Hurricane Luis was a large and powerful Cape Verde
hurricane that began in the central tropical Atlantic in late August. The storm tracked west until September 5 when
it moved into the Leeward Islands. It then packed maximum sustained winds of 125-140 mph. Luis wreaked havoc on the
islands from Antigua to St. Martin, with lesser damage from Martinique to Puerto Rico. It moved northwest into the
Atlantic north of Puerto Rico on September 6, and this motion continued on Thursday, September 7.
The Hurricane Hunters were quite busy in Luis. They started almost continuous flights when it was
300 miles east of the Leeward Islands. A major complication was that Luis aimed for Antigua, which forced the
Hurricane Hunters to flee to Barbados. This was also the base for the P-3's flying research missions into Luis.
(The move was a wise one, as Luis clobbered the Antigua base and it was unusable for the rest of the season.)
Flights continued as Luis moved into the Atlantic north of Puerto Rico.
By September 7, the storm was too far away from Barbados for convenient flights.
John Pavone, NHC's coordinator of the aircraft, arranged for the next
several missions to fly from Homestead Air Reserve Base (ARB), Florida. This is 12 miles from my apartment of
that time. Simultaneously, the NOAA planes returned to
Miami after completing their experiments.
I enter the story at this point. Thursday the 7th was the last of five day shifts for me,
and I looked forward to a scheduled three-day weekend. I thought about a possible hurricane flight,
as Luis appeared to be no threat to land for at least the
first two days of my weekend. This meant I wouldn't be needed to work overtime. I hoped the P-3's would fly
over the weekend and that I could hitch a ride on one of them.
During Thursday morning, I called Hugh Willoughby (now director of the
Hurricane Research Division (HRD)) to see if the P-3's were flying
over the weekend. He said they weren't. That closed the P-3 door. Later on, I was checking the latest aircraft
data in John Pavone's office. I don't remember exactly how the conversation turned that way, but John mentioned
that the Hurricane Hunters were flying Luis from Homestead on Friday
morning. He then asked me if I wanted to go.
I must admit I was GREATLY surprised. The Hurricane Hunters usually didn't fly out of Homestead,
so this was unexpected. I told John that I would very much like to go, and he started putting the paperwork
together for the Friday morning flight. By mid-afternoon, everything was in place.
Several of my co-workers were also interested in flying Luis. One of them,
Fiona Horsfall (now a Ph.D. meteorologist and computer specialist),
wound up on the same flight as myself. Two others arranged to fly on Saturday morning. Fiona and I arranged
to drive to Homestead together. We would arrive for the pre-flight briefing at 3 AM with take off scheduled
for 5 AM.
I had one piece of business to take care of before I could prepare for the flight. I was dining
that evening with a friend from Australia (Liz Ritchie, whom I met at TCM-90) who was at HRD for research.
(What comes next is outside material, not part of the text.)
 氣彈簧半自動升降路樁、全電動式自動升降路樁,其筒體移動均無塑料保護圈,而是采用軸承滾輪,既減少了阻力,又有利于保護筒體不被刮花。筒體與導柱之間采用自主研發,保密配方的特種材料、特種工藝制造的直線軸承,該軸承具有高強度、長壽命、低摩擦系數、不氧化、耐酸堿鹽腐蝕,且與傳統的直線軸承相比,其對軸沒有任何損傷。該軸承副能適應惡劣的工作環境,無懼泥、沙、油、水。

(She had flown Luis on the P-3's a few days earlier.) A cloudburst and puddles a foot deep hampered the cross-town
trip to Key Biscayne. Fortunately, the rain missed Key Biscayne, and dinner went off well.
After dinner, I went home to prepare for the flight and to try to sleep. The preparations included
packing a light meal, my camera, and my jacket. The meal was necessary as the mission was to last eleven hours,
and the Homestead base kitchen was closed. The jacket was necessary because the Hurricane Hunter WC-130's are somewhat
lacking in creature comforts like heating and air-conditioning. The camera, well, that's self-explanatory!
Trying to sleep turned out to be futile, as I was way too keyed-up. I twisted and turned for several
hours until it was time to leave. Fiona picked me up shortly after 2 AM and we headed for Homestead.
We arrived at Homestead just before 3 AM and immediately went to the briefing room at Base Operations.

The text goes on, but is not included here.